[Top][All Lists]
[Date Prev][Date Next][Thread Prev][Thread Next][Date Index][Thread Index]
Re: u32_normalize UNINORM_NFKC on 0xD800
From: |
Bruno Haible |
Subject: |
Re: u32_normalize UNINORM_NFKC on 0xD800 |
Date: |
Fri, 27 May 2011 01:49:25 +0200 |
User-agent: |
KMail/1.9.9 |
Simon Josefsson wrote:
> I'm doing some Unicode NFKC operations and noticing that u32_normalize
> fails for U+D800.
This is a valid behaviour, because U+D800 is a "surrogate" point code
and therefore not a valid character code point.

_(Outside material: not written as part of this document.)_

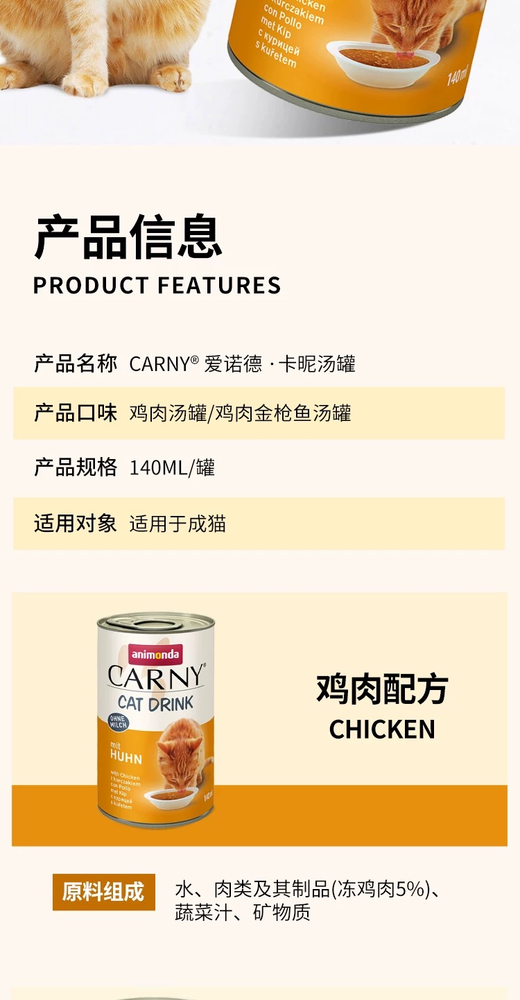 德国animonda爱诺德卡昵补水汤罐 猫咪零食罐头 泰国原装进口 140ml/罐
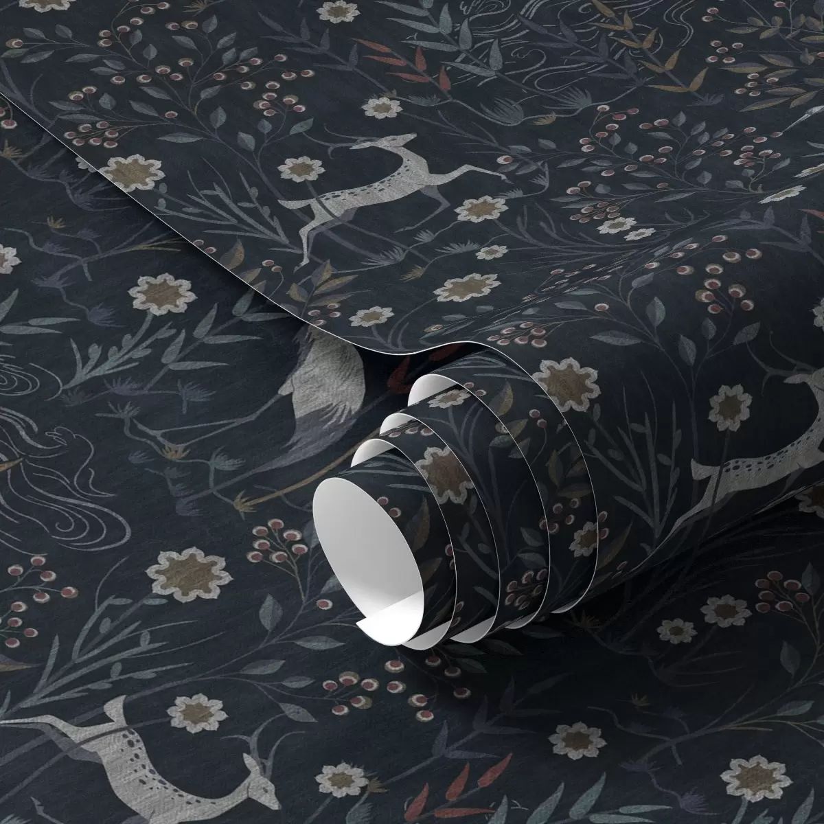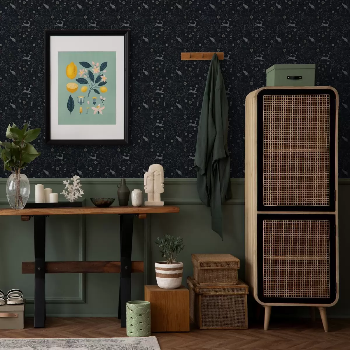 Ταπετσαρία Σκούρο φόντο με λευκά πουλιά και ελάφια Nr. a00363

See the Unicode standard, chapter 2 [1], pages 23..24:
Surrogate code points and other non-character code points "should never be
interchanged". This means, for libunistring, that they are invalid input
and invalid output in all functions taking or returning UTF-32 strings or
UTF-8 strings.
Character code points and code points that are in regions that may be assigned
in future Unicode versions must not be rejected; these are valid input.
Bruno
[1] http://www.unicode.org/versions/Unicode6.0.0/ch02.pdf
--
In memoriam Jeane Gardiner <http://en.wikipedia.org/wiki/Jeane_Gardiner>